Irish property prices are recovering following a devastating crash and are now 40 percent below a 2007 high versus the 55 percent peak-to-trough assumption Irish banks have provided for, prompting some to raise the prospect of write-backs.
However Sharon Donnery, director of credit institutions supervision at the central bank, said banks should remember that an appropriate level of provisions was critical to stabilising a sector brought to the verge of collapse in the financial crisis.
"Whilst there have been improvements in certain key parameters such as house prices, there are still unreliably low levels of activity to have high levels of confidence in changing assumptions," Donnery told a banking conference.

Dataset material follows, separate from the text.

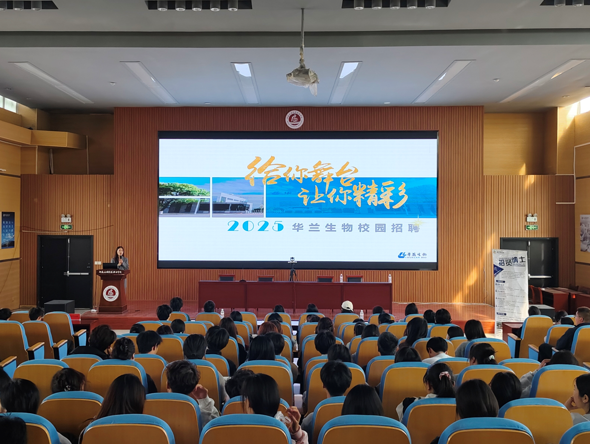 紧接着,华兰生物工程股份有限公司的代表上台发言。他们向学生们展示了华兰生物在生物医药领域取得的卓越成就以及广阔的发展前景。宣讲代表着重介绍了公司强大的研发实力、市场拓展规划以及员工福利政策,进一步点燃了学生们对华兰生物的向往之情。

"The ability to write back provisions must be reflective of a conservative view and therefore the timing and extent of any write-backs must be balanced extremely carefully.
"Demands to bolster profits, reserves and capital cannot be allowed to destabilise the progress on debt resolution."
Allied Irish Banks (I:ALBK) (AIB), which said on Monday it had taken an overall net provision write-back in the first nine months of the year, became the first bank to revise its peak-to-trough assumption to 52 percent in July.
AIB chief executive David Duffy said Donnery's comments were "absolutely right", that its writebacks came from individual restructurings where excess value had been recovered and that it would remain extremely conservative on property prices.
Permanent tsb (PTSB) (I:IPM), the only Irish lender to fail last month's European stress tests, said it had also reduced the amount of money set aside to cover losses on bad loans in the third quarter, though it has kept the original price assumptions.
Donnery also defended new central bank proposals to restrict mortgage lending above 80 percent of the value of a home to no more than 15 percent of the aggregate value of all home loans, describing them as "proportionate limits".
Duffy said the deposits required as a result of the loan-to-value rates "might be a little bit high to start with" and suggested a phasing in to avoid pricing out some buyers.